Here I am substituting in this equation np is equal to n (^) i square. I am substituting this p with NA. Then I get this n equal to ni square by NA. The fundamental difference between a metal and a semiconductor is that metal is unipolar since current conduction is taking place only by electrons which are having only one sign that is negative sign.
(Refer Slide Time: 27:33)
But in semiconductor there are two charge carriers having negative as well as positive charges which are known as electrons and holes. Semiconductor is a bipolar material. There are 2 types of charge carriers positive as well as negative. Holes are positively charged and electrons are negatively charged. Whenever you apply an electric field, E then your holes and electrons will move in opposite directions since they are of opposite sign but the current due to both these two components will be in one direction.

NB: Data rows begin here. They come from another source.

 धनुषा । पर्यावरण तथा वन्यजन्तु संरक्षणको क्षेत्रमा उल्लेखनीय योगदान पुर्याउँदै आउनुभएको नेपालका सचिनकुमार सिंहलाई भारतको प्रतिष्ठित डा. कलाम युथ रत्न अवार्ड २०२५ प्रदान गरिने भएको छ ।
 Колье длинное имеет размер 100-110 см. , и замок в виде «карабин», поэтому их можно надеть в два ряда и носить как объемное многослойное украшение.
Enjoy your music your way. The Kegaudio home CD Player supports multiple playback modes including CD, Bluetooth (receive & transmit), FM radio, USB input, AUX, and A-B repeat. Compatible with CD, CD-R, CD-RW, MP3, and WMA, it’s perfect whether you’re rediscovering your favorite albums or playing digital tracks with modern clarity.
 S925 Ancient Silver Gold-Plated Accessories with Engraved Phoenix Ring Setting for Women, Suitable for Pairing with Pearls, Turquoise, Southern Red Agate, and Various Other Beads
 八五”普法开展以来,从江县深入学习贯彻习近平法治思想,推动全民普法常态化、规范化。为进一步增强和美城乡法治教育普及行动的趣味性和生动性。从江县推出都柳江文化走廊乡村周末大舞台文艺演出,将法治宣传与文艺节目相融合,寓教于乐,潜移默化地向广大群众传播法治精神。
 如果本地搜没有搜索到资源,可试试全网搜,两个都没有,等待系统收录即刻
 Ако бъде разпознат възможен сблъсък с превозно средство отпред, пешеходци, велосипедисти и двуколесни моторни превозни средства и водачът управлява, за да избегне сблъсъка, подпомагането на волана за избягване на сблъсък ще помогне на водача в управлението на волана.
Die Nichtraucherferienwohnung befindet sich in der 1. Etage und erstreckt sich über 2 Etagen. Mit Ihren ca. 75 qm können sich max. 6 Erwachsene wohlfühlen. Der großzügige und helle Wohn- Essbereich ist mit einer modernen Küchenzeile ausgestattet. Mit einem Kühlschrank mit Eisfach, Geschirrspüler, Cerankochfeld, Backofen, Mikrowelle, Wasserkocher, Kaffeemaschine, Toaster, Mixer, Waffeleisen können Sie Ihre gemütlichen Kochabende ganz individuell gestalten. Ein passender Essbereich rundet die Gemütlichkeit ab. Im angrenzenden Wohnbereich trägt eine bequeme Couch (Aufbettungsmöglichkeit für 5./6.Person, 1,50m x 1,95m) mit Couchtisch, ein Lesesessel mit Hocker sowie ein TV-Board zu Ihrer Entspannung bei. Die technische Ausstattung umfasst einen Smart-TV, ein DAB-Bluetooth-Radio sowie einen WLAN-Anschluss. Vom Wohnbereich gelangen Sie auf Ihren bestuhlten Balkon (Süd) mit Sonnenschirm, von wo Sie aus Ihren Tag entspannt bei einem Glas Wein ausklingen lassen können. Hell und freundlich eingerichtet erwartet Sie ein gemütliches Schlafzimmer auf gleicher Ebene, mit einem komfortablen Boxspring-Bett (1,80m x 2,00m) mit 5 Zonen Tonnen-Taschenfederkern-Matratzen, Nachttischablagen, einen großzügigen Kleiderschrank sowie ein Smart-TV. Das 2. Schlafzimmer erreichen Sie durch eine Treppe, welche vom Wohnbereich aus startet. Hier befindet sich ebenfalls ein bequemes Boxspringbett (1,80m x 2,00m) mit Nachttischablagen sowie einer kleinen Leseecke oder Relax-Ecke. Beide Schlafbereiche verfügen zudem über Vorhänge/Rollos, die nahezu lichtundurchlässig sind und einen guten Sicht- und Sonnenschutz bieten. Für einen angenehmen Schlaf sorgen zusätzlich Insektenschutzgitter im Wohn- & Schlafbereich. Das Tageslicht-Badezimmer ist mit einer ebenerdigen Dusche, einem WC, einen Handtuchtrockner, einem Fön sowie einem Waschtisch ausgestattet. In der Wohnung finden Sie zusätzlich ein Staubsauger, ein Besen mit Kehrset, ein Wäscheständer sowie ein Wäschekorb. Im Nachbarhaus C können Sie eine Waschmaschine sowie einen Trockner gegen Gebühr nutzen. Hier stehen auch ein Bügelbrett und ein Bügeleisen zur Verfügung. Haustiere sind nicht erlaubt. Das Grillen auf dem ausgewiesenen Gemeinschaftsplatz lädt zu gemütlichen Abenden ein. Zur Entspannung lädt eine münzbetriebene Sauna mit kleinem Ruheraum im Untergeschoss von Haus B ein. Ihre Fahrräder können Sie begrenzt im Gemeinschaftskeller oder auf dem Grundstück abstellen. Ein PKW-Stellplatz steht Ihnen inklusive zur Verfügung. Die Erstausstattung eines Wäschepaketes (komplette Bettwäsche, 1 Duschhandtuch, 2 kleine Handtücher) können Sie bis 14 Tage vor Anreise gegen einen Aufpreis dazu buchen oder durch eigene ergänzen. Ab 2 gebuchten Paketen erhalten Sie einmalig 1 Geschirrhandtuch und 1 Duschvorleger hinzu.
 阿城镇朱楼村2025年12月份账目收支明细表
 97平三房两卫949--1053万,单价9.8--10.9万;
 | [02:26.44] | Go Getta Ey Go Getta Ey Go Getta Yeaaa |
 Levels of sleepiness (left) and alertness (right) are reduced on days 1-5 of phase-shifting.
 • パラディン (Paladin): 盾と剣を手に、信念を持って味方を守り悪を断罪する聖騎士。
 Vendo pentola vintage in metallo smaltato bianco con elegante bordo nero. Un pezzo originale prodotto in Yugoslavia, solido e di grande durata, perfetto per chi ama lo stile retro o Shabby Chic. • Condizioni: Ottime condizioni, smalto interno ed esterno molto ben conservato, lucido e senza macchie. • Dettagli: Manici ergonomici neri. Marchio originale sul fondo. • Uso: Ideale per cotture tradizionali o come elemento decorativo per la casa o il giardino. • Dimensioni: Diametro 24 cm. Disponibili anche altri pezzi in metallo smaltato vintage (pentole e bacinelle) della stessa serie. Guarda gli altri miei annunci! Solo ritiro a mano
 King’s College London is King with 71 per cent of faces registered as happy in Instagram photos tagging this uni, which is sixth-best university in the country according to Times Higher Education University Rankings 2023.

If you want to find out the current density after the application of an electrical field E, that is given by this expression. The current density J is equal to n times mu n plus p times mu p into q into E which is known as sigma into E. What are those terms? n is magnitude of free electron concentration, mu n is mobility of the electrons, p is magnitude of the hole concentration and mu p is the mobility of holes, q is the charge of an electron and sigma is known as conductivity which is given by this expression n mu n plus p mu p into q. For intrinsic semiconductor as n is equal to p which is equal to ni that is intrinsic concentration, we get for intrinsic semiconductor if you want to find out the current density you will have to simply substitute ni both for n and p.